How to iterate through multiple pages in python when NOT knowing the last page

Question

I want to scrape information using BeautifulSoup and iterate through multiple pages. I know how to do this by writing for page in range(1, 3) for example if I want the info on first 2 pages. However, the information is dynamic and the number of pages will increase. So how can I iterate when I don't know the last page? Currently I have the following code:

import pandas as pd
import numpy as np
import requests
from bs4 import BeautifulSoup

headers = {'user-agent': 'Mozilla/5.0'}

listing_details = []

for page in range(1,3):
    response = requests.get('https://www.realestate.co.nz/residential/sale/auckland?by=latest&oad=true&page={}&pm=1'.format(page), headers=headers)
    listings = BeautifulSoup(response.content, "lxml")
    
    details = listings.findAll('div', attrs={"data-test":"tile"})
    for detail in details:

        # get property links
        links = detail.findAll('a', href=True)
        for link in links:
            link="https://www.realestate.co.nz" + link['href']
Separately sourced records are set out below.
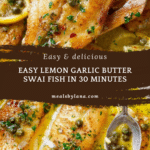 This Lemon Garlic Butter Swai Fish recipe features tender swai fillets pan-fried to perfection and topped with a vibrant lemon garlic butter sauce with capers, ginger, and fresh parsley. Ready in just 30 minutes, it’s an easy yet flavorful seafood dish perfect for a quick weeknight dinner or a special occasion.
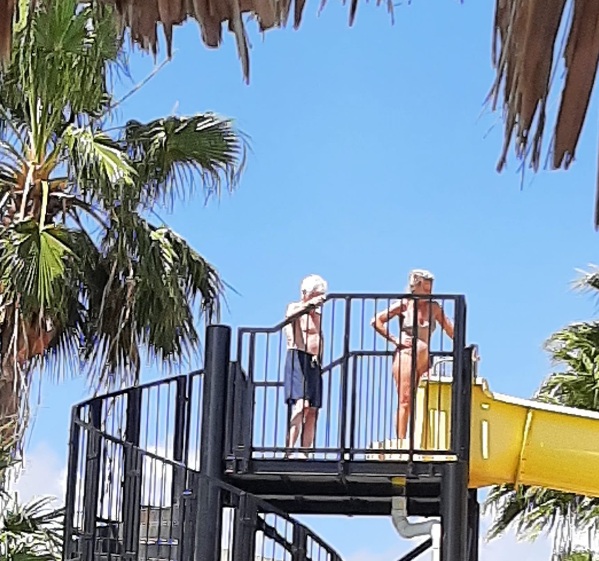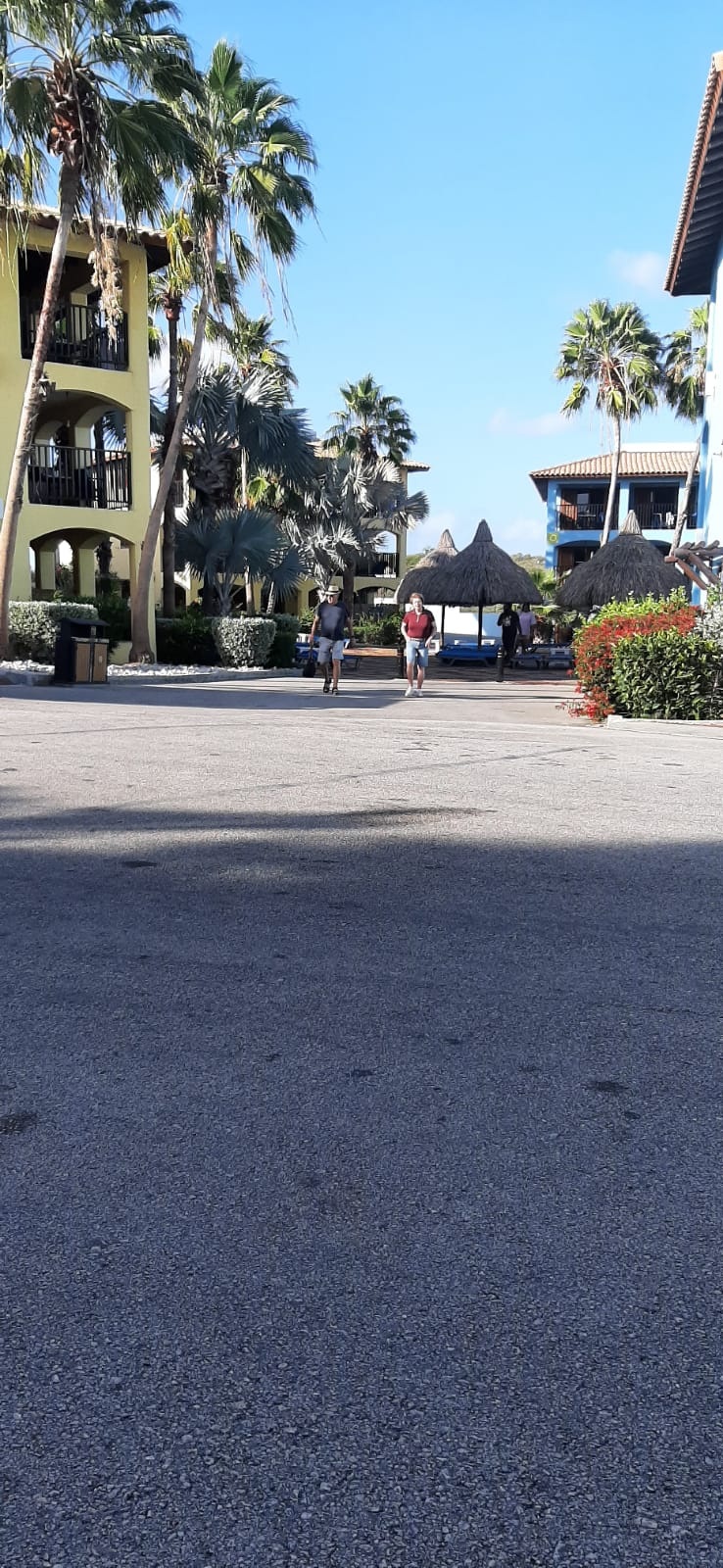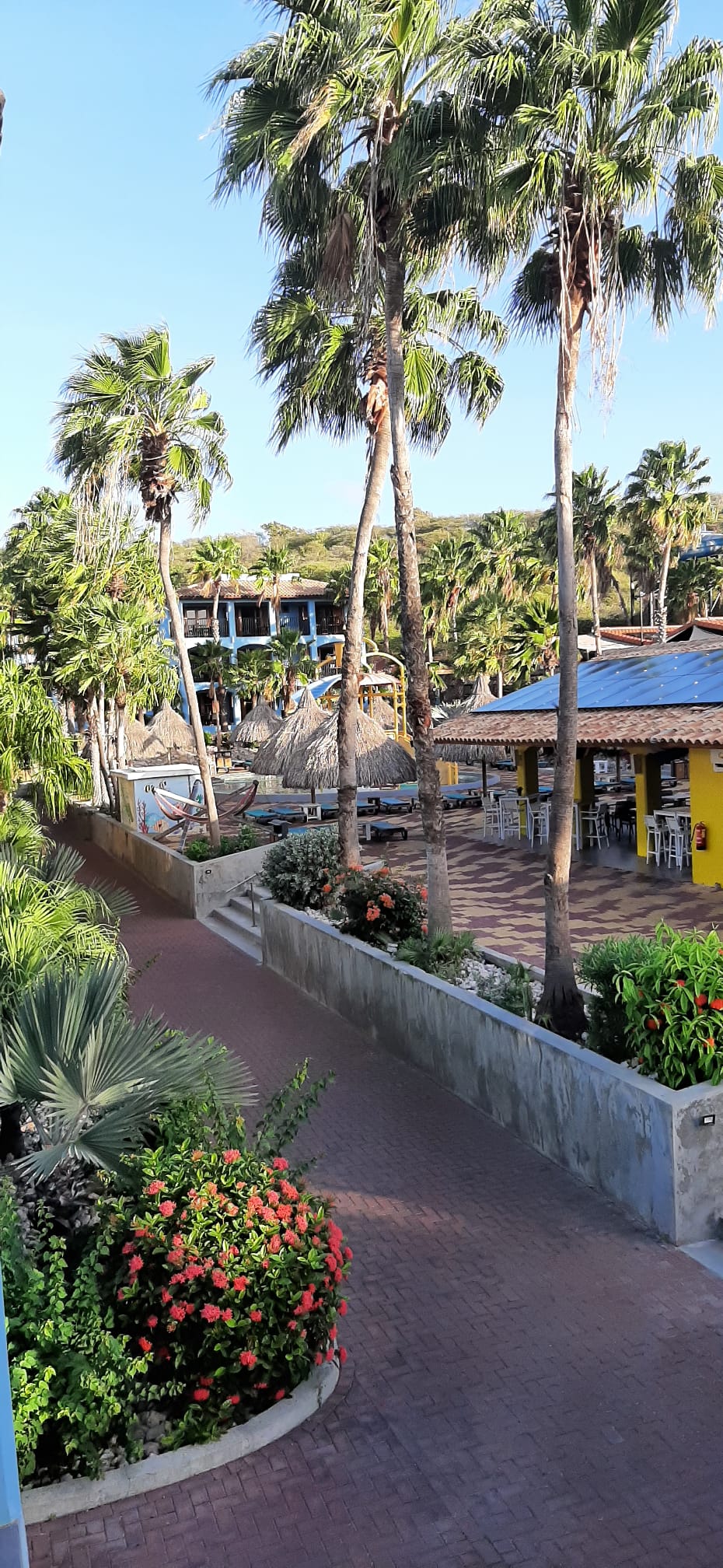 Na het ontbijt vertrekken veel gasten met de shuttle naar Willemstad. We zien ook gasten vertrekken naar het strand van Piratebay en Boka Pistol, een natuurverschijnsel (zie video verder). Het is warm en drukkend, vannacht is een flinke bui gevallen. Voorspellingen zijn dat er veel dagtoeristen vandaag op het Resort zijn voor de glijbanen.
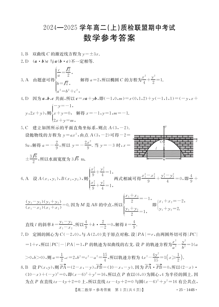 河北省邢台市2024-2025学年高二(上)质检联盟期中考试数学答案
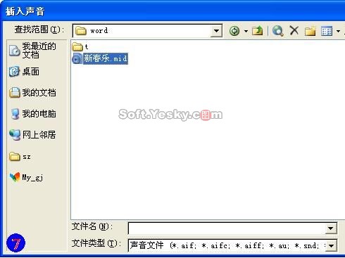 1、執行“插入→影片和聲音→文件中的聲音”命令,打開“插入聲音”對話框(如圖7)。

        listing_details.append([link])

df3 = pd.DataFrame(listing_details, columns=['Link'])
print(df3)

Answer 1

You can do a while True and break when next element is no longer present (or add in chosen end page number - which ever comes first)

import requests
from bs4 import BeautifulSoup as bs

page = 0

with requests.Session() as s:

    s.headers = {'User-Agent':'Mozilla/5.0'}

    while True:
        page+=1
        r = s.get(f'https://www.realestate.co.nz/residential/sale/auckland?by=latest&oad=true&page={page}&pm=1')
        soup = bs(r.content, 'lxml')
        next_page = soup.select_one('[data-test=next-link]')
        
        if next_page is None:
            break
        print(page)

---

You could also calculate from info provided within a script tag (this shows the idea of adding in a target number of pages):

import requests, re
from bs4 import BeautifulSoup as bs
import math

target_pages = 3

with requests.Session() as s:
    
    s.headers = {'User-Agent':'Mozilla/5.0'}
    r = s.get(f'https://www.realestate.co.nz/residential/sale/auckland?by=latest&oad=true&page=1&pm=1')
    counts = re.search(r'"totalResults\\":(?P<total>\d+),\\"resultsPerPage\\":(?P<perpage>\d+),', r.text, re.M)
    num_pages = math.ceil(int(counts.group('total'))/int(counts.group('perpage')))
    #print(int(counts.group('total')))
    print(num_pages)
    n = 2
    
    while n <= min(num_pages, target_pages):
        r = s.get(f'https://www.realestate.co.nz/residential/sale/auckland?by=latest&oad=true&page={n}&pm=1')
        print(n)
        n+=1

Answer 2

One solution might be create a while loop and iter in the pages, adding +1 to each loop. When the page content is broke or status code 404, break.